But distributed systems also introduce familiar trade-offs:

  • Coordination overhead: managing who knows what, when, and how to hand it off.
  • Inconsistent state: agents may operate on slightly different or outdated snapshots of reality.
  • Communication costs: excessive data sharing can overload channels and inflate compute costs.
  • Error propagation: bad context or missing provenance from one agent can cascade downstream.

These are the same challenges that led to decades of research in distributed computing — now re-emerging in the AI era. Context engineering is our new coordination fabric: the discipline that keeps distributed reasoning coherent, efficient, and safe. It ensures each agent receives only the context it needs at the moment it needs it, with clear provenance and rules of engagement.

AI Agent Scrum

“Over-communicate”. That’s been a slogan on many of the projects I’ve worked on. I understand and appreciate it. But, like any good rule, it can be taken too far. Over-communication has diminishing returns. What we actually need is minimal over-communication—to err on the side of caution, but only just enough.

That’s the role of the daily scrum meeting of the Agile project methodology. A cross-functional team—developers, analysts, stakeholders, business partners—gathers across the streams of the project. The goal is to synchronize, not to deliberate endlessly. The first guardrail against over-communication is time. Each participant gets their turn, one at a time. The project manager—part MC, part director, part judge — ensures that anything requiring more than a few seconds of discussion becomes a follow-up or side meeting.

Because even teams can’t truly listen in parallel, those turns matter. And yet, as each person speaks, something they say might trigger an insight in someone who already spoke—something they didn’t know they didn’t know. That’s the structured serendipity of scrum meetings.

Now let’s apply this principle to teams of AI agents. A set of AI agents working on a prompt or task are effectively a mini-project team. Each is an expert domain model—like a specialist in design, data, or compliance — working toward a shared deliverable. Each has its own inputs, assumptions, and partial understanding of the problem. Just as in human teams, their coordination matters as much as their individual intelligence.

AI agents already know how to communicate reactively—within a RAG process, they request additional context or data when needed. But what’s missing is proactive communication: the digital equivalent of a daily scrum. An AI Project Manager agent could convene these interactions, collecting progress updates and needs, and deciding what to prioritize or delegate next. Better yet, each expert agent could submit a prioritized list of needs—its equivalent of “what I need from others today.”

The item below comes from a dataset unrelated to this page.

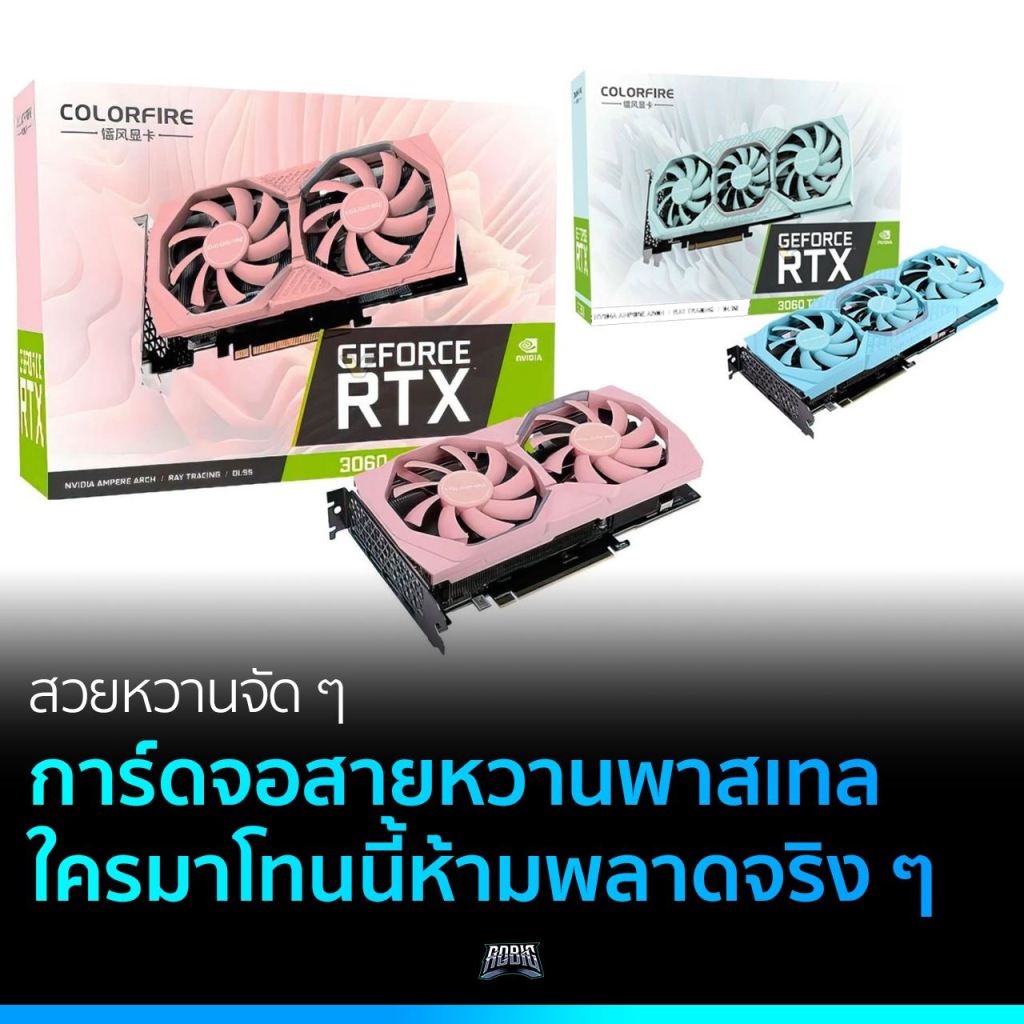 เห็นรูปแล้วก็ต้องกรี๊ดร้องกันเลยทีเดียว กับใครที่เป็นสายแต่งคอมหวาน ๆ จะเห็นผู้ชายสายหวาน หรือจะเป็นสาว ๆ เกมมิ่งก็ดี การ์ดจตัวนี้นี่แหละเหมาะ เป็นผลงานจาก ColorFire รุ่นใหม่ล่าสุด ดีไซน์ด้วยสีชมพูและฟ้าอ่อนแบบโทนพาสเทล เอาใจคนรักสีหวานสุด ๆ

That simple structure would prevent the flood of irrelevant data that happens when every agent dumps everything “just in case.” It keeps the AI ecosystem minimally over-communicative—erring on the side of caution, but only just enough.

Two Pillars of Context Engineering

As soon as intelligence becomes distributed—many agents, many tools, many partial memories—the problem shifts from how smart each model is to how well they share context. That’s where context engineering steps in. It isn’t just about smarter prompts or longer context windows; it’s about building a coordination fabric that lets specialized agents reason together without flooding each other with irrelevant data.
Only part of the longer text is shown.